• **WHAT TO PRODUCE**
Go through the listing below, and from the line containing "OMG so jelly" through its last line, transcribe every line exactly, skipping pictures.

• **STORED DATA**
● ● ●
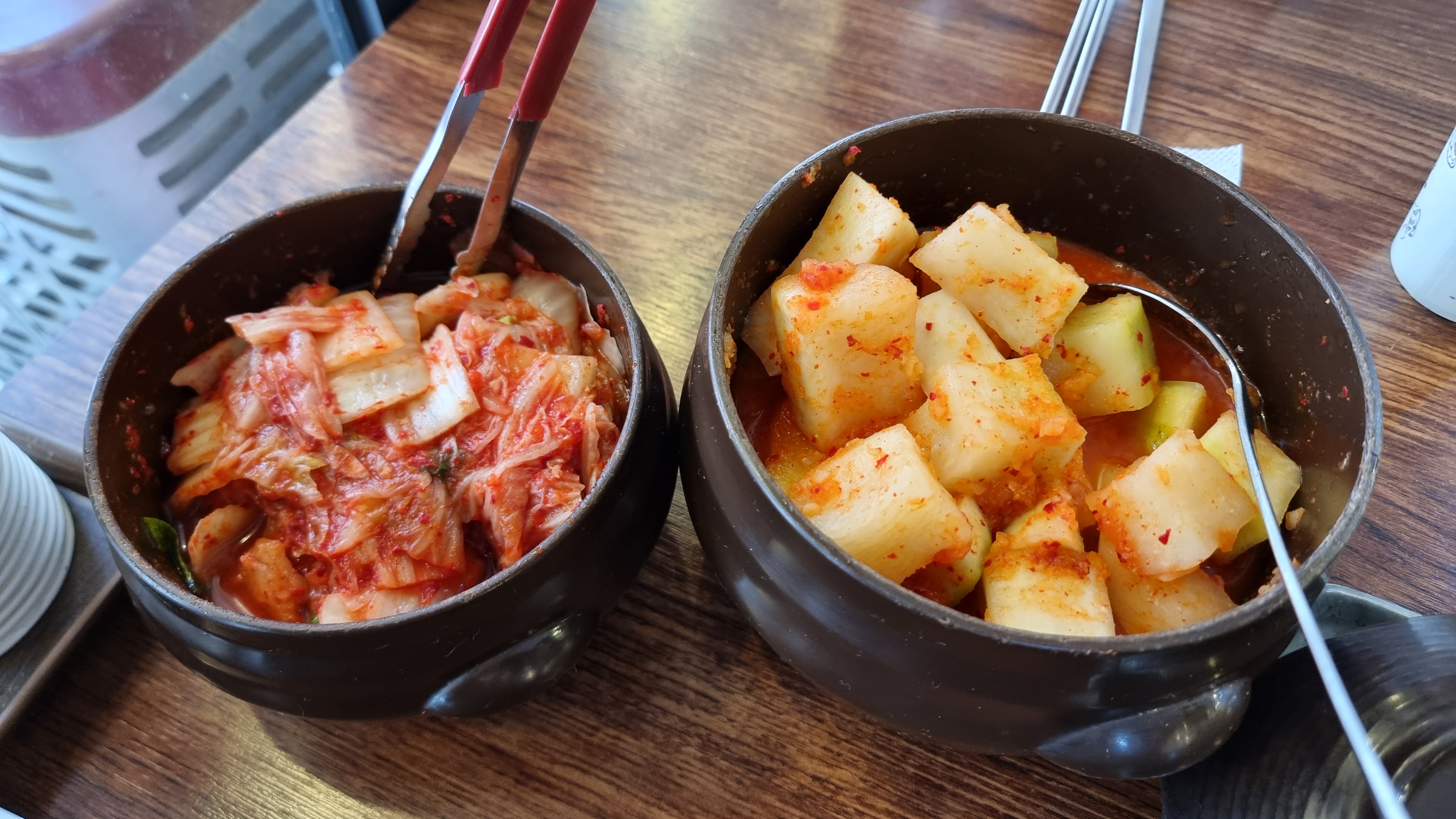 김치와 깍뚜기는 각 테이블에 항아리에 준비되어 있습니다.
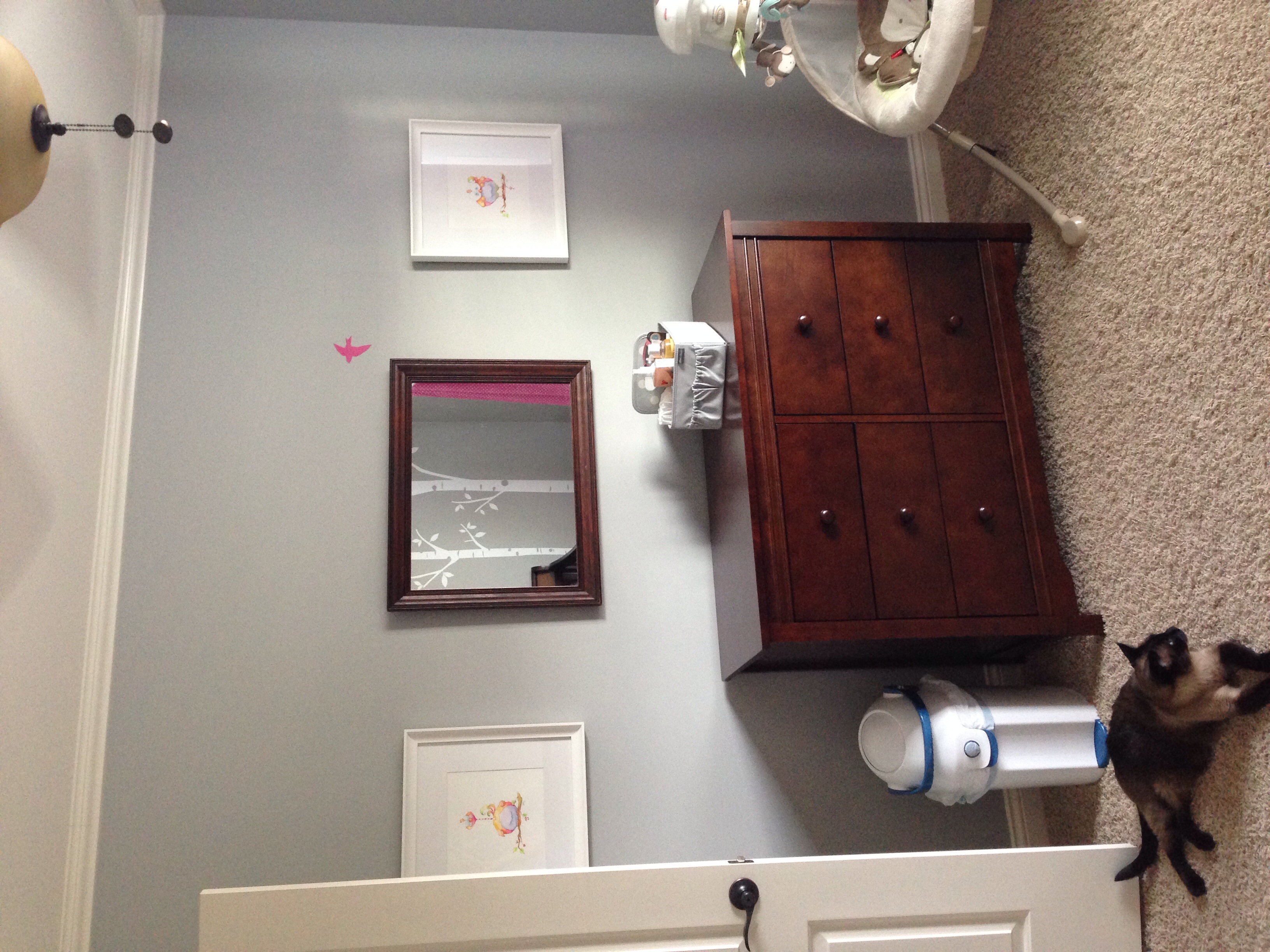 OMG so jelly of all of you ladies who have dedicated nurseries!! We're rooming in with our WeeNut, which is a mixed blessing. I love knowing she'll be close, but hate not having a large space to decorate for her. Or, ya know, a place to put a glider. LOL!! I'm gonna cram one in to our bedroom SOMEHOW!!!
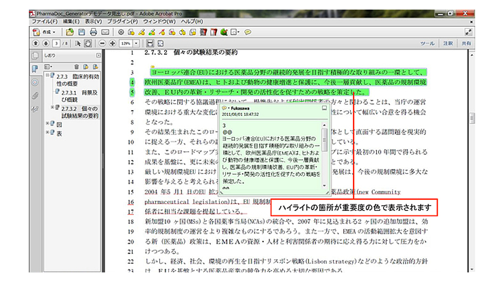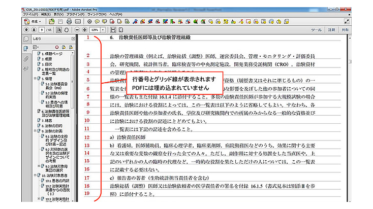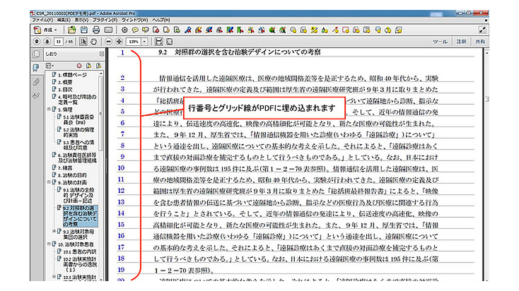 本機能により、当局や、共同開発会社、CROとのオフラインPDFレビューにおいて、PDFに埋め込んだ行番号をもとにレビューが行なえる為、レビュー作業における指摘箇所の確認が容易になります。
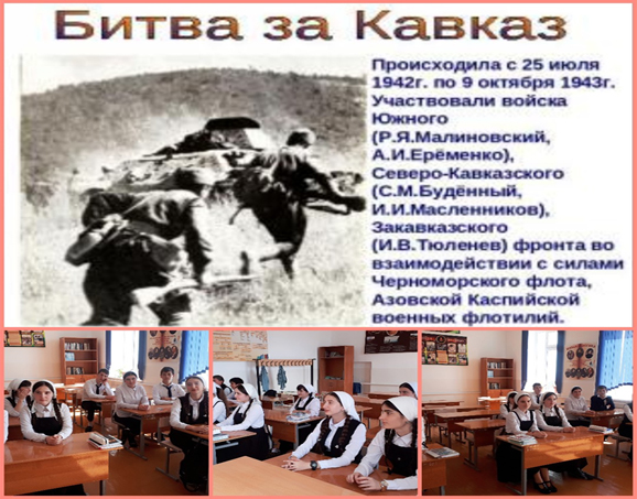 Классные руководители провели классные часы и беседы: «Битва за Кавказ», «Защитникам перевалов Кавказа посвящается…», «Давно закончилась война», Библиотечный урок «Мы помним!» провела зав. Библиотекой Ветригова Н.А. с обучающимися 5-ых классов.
● ● ●
• **TASK OUTPUT**
 OMG so jelly of all of you ladies who have dedicated nurseries!! We're rooming in with our WeeNut, which is a mixed blessing. I love knowing she'll be close, but hate not having a large space to decorate for her. Or, ya know, a place to put a glider. LOL!! I'm gonna cram one in to our bedroom SOMEHOW!!!
 本機能により、当局や、共同開発会社、CROとのオフラインPDFレビューにおいて、PDFに埋め込んだ行番号をもとにレビューが行なえる為、レビュー作業における指摘箇所の確認が容易になります。
 Классные руководители провели классные часы и беседы: «Битва за Кавказ», «Защитникам перевалов Кавказа посвящается…», «Давно закончилась война», Библиотечный урок «Мы помним!» провела зав. Библиотекой Ветригова Н.А. с обучающимися 5-ых классов.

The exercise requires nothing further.